Şehitlerimize bir kere daha Allah’tan rahmet diliyorum. Onlar bu topraklarda hür ve bağımsız yaşayalım diye canlarını feda etti. Bize verdikleri mesajı, bıraktıkları mirası hiçbir zaman yere düşürmeyeceğiz. Her zaman ayakta tutacağız.

Dün Konya, Kahramanmaraş, Antalya ve Eskişehir ile bu istişareler yapıldı. Bugün de Aydın, Hatay, Diyarbakır, Mersin, Muğla ve Van ile istişareler tamamlanmış olacak.

Değinmek istediğim bir konu, Cumhuriyet Halk Partisi Genel Başkanı Sayın Özgür Özel’in grup toplantı konuşmadır. Yeni genel başkanla birlikte CHP nasıl bir istikamet çizecek diye göreve geldiği günden bugüne yapılan tartışmaları netleştirmiş oldu.

Haddini aşan, son derece yakışıksız bir şekilde ‘hain’ diye bir ifade kullanıyor. Sayın Cumhurbaşkanımıza hain diyenlerin kimler olduğunu biliyoruz. Netanyahu böyle konuşur. PKK ve diğer terör örgütleri Sayın Cumhurbaşkanımıza dönük olarak bunları söyler.

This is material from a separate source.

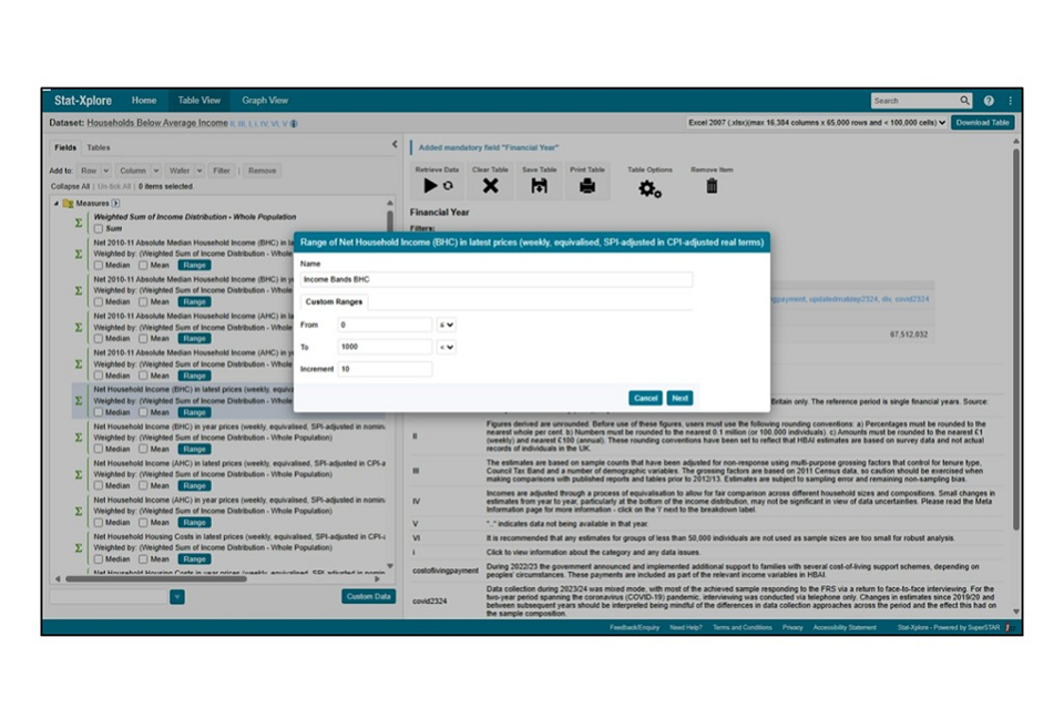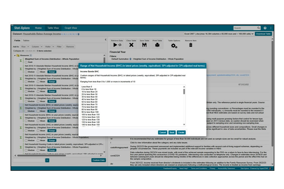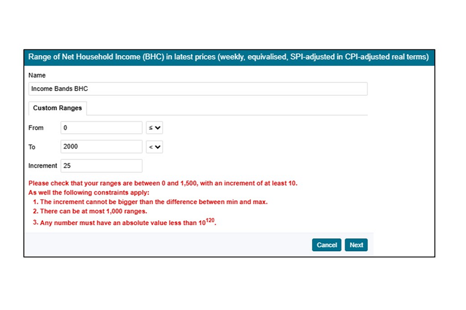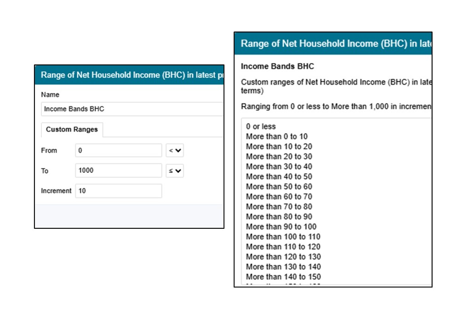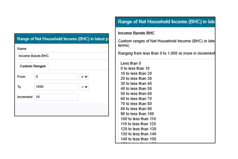 In the pop-up box, create a name and choose the minimum and maximum income amounts and the increment - for this example, the name is ‘Income Bands BHC’ (as there is a length limit) and the range selected is from £0 to £1000 per week, in increments of £10 per week.

Sayın Özgür Özel’in söylediği cümleler, bu kesimlerin söylediği cümlelerle aynı düzleme yerleşmiştir.

Türk siyasetine sürülen bu lekeye üzülürüz. Aynı zamanda da CHP’ye gönül vermiş vatandaşlarımızın CHP’nden beklentileri var. O beklentilere CHP Genel Başkanı tarafından yapılan bu kötülüğe üzülürüz. Bugün yaptığı konuşmada baştan aşağı; Nefret siyaseti nasıl yapılır? Nefret siyasetinin koordinatları nedir? Bunu tüm Türkiye’ye gösterecek bir şekilde şimdiye kadar sakladıklarını açığa dökerek bu konuşmasını gerçekleştirdi.

Kendilerince her zamanki gibi ikili bir siyaset yapmaya çalıştılar. Bir yandan terörü kınıyormuş gibi yaparak, diğer yandan da belli birtakım siyasi pazarlıkların önünü açacak şekilde bildiriye imza atmamayı tercih ettiler.

Hiçbir gerekçe, Türkiye Büyük Millet Meclisi’nde teröre karşı hazırlanan bir ortak bildiriye imza atmamayı mazur gösteremez.

Geçmiş zamanlarda gerçekten CHP ile anlaşamadığımız pek çok konu olsa da CHP’nin terörle mücadele konusunda çok hassas olduğu dönemleri kendi siyasi hayatımız içerisinde gördük. Bu tutum,  CHP yöneticilerinde son zamanlarda ortaya çıktı. Geçmiş CHP yönetiminde başladı, şimdi ise doruğa ulaşmış durumdadır.

Bildiriye imza atmak için şart öne sürülmez. Mehmetçiğin yanında duracaksın. Teröre karşı duracaksın.”